Effective Ways to Sleep Comfortably with Trigger Finger

As a condition that affects the fingers and causes them to get stuck in a bent position, trigger finger can make it challenging to fall asleep. The discomfort and pain associated with this condition can rob you of much-needed rest, which only exacerbates the problem further. If you’re struggling with how to sleep with trigger finger, we’ve got some tips that could help.

1. Use Heat Therapy

Heat therapy is an excellent way of relieving pain from trigger finger before going to bed or when trying to fall asleep. Applying heat reduces inflammation helping your hand relax better as you try sleeping. Soaking your hands in hot water or using a heating pad for 10-15 minutes before bedtime should provide relief enough for comfortable sleep.

Here’s How:

  1. Fill up a bowl with warm water.
  2. Soak your affected hand(s) in the bowl for approximately 10-15 minutes.
  3. You might also use microwavable bean bags that are available at drug stores instead of soaking your hands in warm water.

2. Stretching Exercises

Trigger fingers occur due to inflamed tendons which cause tightness around joints preventing movements; stretching exercises work great by loosening these tendons allowing free movement hence reducing pain.

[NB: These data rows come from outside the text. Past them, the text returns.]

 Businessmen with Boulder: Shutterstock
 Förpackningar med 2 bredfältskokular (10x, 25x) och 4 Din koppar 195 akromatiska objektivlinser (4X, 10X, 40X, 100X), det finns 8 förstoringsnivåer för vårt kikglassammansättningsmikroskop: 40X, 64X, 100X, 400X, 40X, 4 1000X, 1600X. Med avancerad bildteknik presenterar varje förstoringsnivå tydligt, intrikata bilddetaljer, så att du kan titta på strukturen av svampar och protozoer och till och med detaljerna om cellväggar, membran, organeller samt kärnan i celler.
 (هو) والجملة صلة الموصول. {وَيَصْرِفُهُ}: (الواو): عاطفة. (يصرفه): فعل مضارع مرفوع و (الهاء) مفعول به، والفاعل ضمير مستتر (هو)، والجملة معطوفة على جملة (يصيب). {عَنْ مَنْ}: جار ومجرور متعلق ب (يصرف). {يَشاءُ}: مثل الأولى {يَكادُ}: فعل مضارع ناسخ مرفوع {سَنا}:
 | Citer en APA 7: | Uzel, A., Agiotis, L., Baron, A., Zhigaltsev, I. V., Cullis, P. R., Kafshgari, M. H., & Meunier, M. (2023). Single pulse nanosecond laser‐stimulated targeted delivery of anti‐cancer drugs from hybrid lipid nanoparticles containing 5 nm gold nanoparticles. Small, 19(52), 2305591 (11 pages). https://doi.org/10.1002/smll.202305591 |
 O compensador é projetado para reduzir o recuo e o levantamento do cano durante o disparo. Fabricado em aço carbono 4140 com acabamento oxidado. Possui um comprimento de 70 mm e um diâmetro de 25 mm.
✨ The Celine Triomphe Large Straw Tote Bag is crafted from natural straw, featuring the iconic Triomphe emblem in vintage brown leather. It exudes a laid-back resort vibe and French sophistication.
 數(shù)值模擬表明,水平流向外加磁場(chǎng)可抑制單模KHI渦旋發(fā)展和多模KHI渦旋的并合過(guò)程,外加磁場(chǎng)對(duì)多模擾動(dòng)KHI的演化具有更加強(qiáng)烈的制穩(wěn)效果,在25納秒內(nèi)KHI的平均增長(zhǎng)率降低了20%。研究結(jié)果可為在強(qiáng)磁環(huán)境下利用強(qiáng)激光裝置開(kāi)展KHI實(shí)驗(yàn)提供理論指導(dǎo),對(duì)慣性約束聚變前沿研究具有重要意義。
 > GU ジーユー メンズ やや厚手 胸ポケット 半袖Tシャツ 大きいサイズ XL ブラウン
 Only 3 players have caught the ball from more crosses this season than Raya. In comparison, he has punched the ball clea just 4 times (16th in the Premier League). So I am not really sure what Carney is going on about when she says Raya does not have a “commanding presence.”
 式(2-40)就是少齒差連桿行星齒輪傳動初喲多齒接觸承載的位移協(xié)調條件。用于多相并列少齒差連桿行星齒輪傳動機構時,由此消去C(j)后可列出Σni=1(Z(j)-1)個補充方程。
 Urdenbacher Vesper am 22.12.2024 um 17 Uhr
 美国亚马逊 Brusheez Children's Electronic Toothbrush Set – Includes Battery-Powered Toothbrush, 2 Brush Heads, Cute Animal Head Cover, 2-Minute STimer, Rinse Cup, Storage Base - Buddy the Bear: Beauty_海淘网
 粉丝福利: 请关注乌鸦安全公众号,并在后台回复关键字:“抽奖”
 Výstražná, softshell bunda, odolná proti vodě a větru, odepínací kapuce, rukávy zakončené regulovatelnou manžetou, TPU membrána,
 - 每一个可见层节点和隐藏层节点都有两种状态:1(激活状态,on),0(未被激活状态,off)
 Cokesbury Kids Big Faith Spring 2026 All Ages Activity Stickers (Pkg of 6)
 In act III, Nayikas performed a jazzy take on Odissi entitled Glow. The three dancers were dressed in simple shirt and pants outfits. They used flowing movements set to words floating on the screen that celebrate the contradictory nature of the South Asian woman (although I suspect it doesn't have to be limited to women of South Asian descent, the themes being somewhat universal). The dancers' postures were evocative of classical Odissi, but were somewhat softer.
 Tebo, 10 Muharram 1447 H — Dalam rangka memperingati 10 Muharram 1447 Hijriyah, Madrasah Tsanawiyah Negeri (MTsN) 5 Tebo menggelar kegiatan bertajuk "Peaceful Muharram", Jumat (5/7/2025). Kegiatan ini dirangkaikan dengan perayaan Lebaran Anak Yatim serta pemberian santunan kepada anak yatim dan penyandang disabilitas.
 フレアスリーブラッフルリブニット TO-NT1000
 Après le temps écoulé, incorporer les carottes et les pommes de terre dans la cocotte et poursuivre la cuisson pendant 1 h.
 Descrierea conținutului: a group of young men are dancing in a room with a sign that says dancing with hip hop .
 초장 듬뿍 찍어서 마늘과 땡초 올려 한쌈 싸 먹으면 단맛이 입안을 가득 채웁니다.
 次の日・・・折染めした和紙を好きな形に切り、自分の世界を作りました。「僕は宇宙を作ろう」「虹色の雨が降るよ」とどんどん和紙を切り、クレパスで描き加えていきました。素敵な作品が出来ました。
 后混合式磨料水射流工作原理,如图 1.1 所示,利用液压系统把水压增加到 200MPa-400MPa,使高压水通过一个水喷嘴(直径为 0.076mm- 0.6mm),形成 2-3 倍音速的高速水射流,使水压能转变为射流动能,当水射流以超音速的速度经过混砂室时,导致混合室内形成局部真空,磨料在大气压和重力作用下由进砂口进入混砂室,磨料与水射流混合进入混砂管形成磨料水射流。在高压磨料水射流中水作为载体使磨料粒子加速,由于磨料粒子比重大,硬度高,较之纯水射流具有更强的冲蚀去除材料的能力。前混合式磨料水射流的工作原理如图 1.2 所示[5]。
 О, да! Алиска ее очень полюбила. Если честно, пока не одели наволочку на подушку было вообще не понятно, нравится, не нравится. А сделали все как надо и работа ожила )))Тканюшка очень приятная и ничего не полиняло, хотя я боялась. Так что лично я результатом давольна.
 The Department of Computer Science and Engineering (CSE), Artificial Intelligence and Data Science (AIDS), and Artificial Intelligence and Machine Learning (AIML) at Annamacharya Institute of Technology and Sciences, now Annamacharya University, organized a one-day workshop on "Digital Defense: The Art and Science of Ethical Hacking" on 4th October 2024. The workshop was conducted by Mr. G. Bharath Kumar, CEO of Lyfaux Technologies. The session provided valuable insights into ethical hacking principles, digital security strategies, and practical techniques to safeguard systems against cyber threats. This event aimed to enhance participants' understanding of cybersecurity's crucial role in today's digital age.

The following exercises could be helpful:

  • Finger Flexor Stretch
  • This exercise helps stretch muscles on the palm side of your forearm hence loosening tension and aiding blood flow into arms leading relaxed arms while sleeping.
    To perform this stretch:
    Hold out one hand, palms facing down
    Use another hand’s fingertips carefully pressing against each finger’s pulp while gently extending fingers back towards wrist until felt mild tension stretch; hold for about ten seconds then release.
    Repeat three times per finger and twice daily.

  • Finger Extensor Stretch
  • This exercise works out muscles on the back of your forearm. As palms are often kept pressing, they become tight leading to trigger fingers’ development; thus, stretching them is highly beneficial.
    To perform this stretch:
    Hold out one hand with an open palm
    Use another hand’s fingertips to gently push each finger down towards extended wrist until felt mild tension stretch; hold for about ten seconds then release.
    Repeat three times per finger and twice daily.

3. Sleeping Position

The position you sleep in can affect how well you sleep with a trigger finger. You should avoid sleeping on your stomach or putting pressure on the affected fingers, as that would cause more pain and discomfort.

The following sleeping positions might work:

  • Sleeping On Back:
  • Sleeping on your back ensures no pressure applied to hands hence reducing tenderness while still allowing circulation of blood flow into arms leading relaxed arms while asleep.

  • Pillows:
  • You could also try using pillows to support your arm, decreasing any unwanted movement or bending at night hence keeping joints loose all through the night.

    You may place a pillow over elbow joint when lying down or use it under affected hand supporting forearm straight up during sleep time instead of bending which leads to strain.

    So there you have it – some tips for how to sleep comfortably despite having trigger finger. Whether it’s heat therapy, stretching exercises before bedtimes or sleeping positions that alleviate symptoms associated with trigger fingers – don’t let confined movements stop enjoyable nights rest!